I am generally in one of three listening phases in my car: books, podcasts, or music.  I just finished the music phase and currently, I'm in the podcast phase.


I tried out one that was highly recommended the other day.  “You are doing it wrong,” she began, then stated, “and I’m going to tell you how to do it right!” My reaction to this was purely physical: I hunched my shoulders, I recoiled, my nervous system went shaky.


I listened to another podcast yesterday.  In it, the main guy was telling someone how to do something, repeating over and over again, “you HAVE to do this, and you HAVE to do that.”  I understood where he was coming from; he was touting some tried and true tenets that I have heard from many coaches before.  But the emphasis that the listener was Doing It Wrong still struck me.


Tried and true absolutely have a place in the world.  Recreating the wheel is not what I recommend.  However, you do have an internal compass.  You are absolutely allowed to listen to that compass, if you want.  You can do things your way.


The other side of this is being stuck, and only doing things your way.  I have a dear, dear friend who is very attached to her story.  “That’s just the way I am,” she’ll tell me, when I challenge her gently about something she complained about.  She is so attached to who she has decided she is that there is no room she can access right now for growth–or even happiness.  

Both extremes lead to the same place.  


Here's the thing: both of these approaches are asking you to abandon yourself.

The podcast experts want you to hand over your authority to them. "You're doing it wrong" really means "stop trusting yourself and trust me instead." And sure, maybe they have valuable information. Maybe they've walked the path before and know where the pitfalls are. But when the delivery makes your nervous system go shaky, when your shoulders hunch and you recoil—that's your body telling you something important. That's your internal compass saying "this doesn't feel right."


My friend, on the other hand, has handed her authority over to her past self. She's decided who she is, written it in permanent marker, and refuses to pick up the white-out. "That's just the way I am" sounds like self-acceptance, but it's actually self-abandonment. She's ignoring her present-moment compass—the one that's clearly pointing toward something different, something that might actually make her feel good.

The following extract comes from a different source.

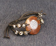 ブレスレット・ディスク[ダブルライン] : BDL007 在庫数 単価 発注数 - + 備考 カートに入れる 価格: 825 円/ 個 (本体価格:750円+税:75円) 重量: 約 11 グラム 表面に模様が描かれている、円盤状のココナツビーズ(直径 27mm x 厚み 8mm) を中心として、その両サイドにストーンビーズが配置され、蝋引きひもで編まれた2本づつの紐で構成されたブレスレットです。テール部の紐を調整することで脱着は容易です。 在庫数 単価 発注数 - + 備考 カートに入れる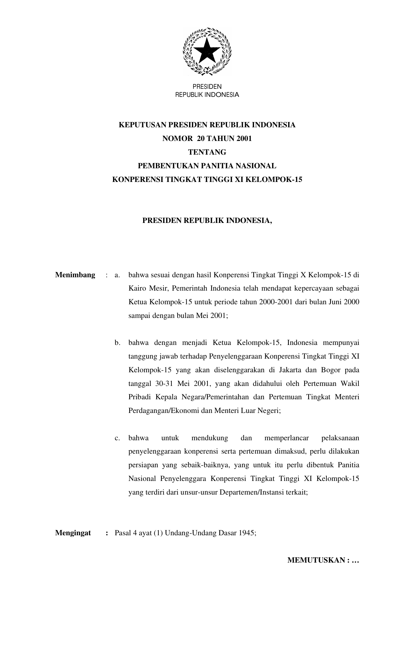 KEPPRES Nomor 20 Tahun 2001 | Keputusan Presiden Nomor 20 Tahun 2001 tentang PEMBENTUKAN PANITIA NASIONAL KONFERENSI TINGKAT TINGGI XI KELOMPOK 15

The middle path asks more of you. It asks you to stay awake. To take in wisdom from people who've gone before you, to learn from tried and true methods, AND to keep checking in with yourself. Does this resonate? Does this feel true for me? You get to be both student and teacher, both open and discerning.


And here's what nobody talks about: this middle path requires you to be uncomfortable with being "wrong" sometimes. Or more accurately, with not knowing if you're right. You can't cling to the safety of the expert's certainty or the safety of "this is just who I am." You have to be willing to say, "I'm figuring this out as I go, and that's totally okay."


You can do things your way. You can also do things someone else's way. You can try on different approaches like outfits and see what fits. You can change your mind. You can grow. The question isn't whether you're doing it right or wrong—it’s whether you're paying attention while you do it. 

Here's your permission slip to figure this out–for you. You get to take what works and leave what doesn't. You get to change your mind tomorrow. You get to be both a work in progress and exactly enough, right now. The middle path isn't about getting it perfect—it's about staying awake while you walk it.


I am grateful.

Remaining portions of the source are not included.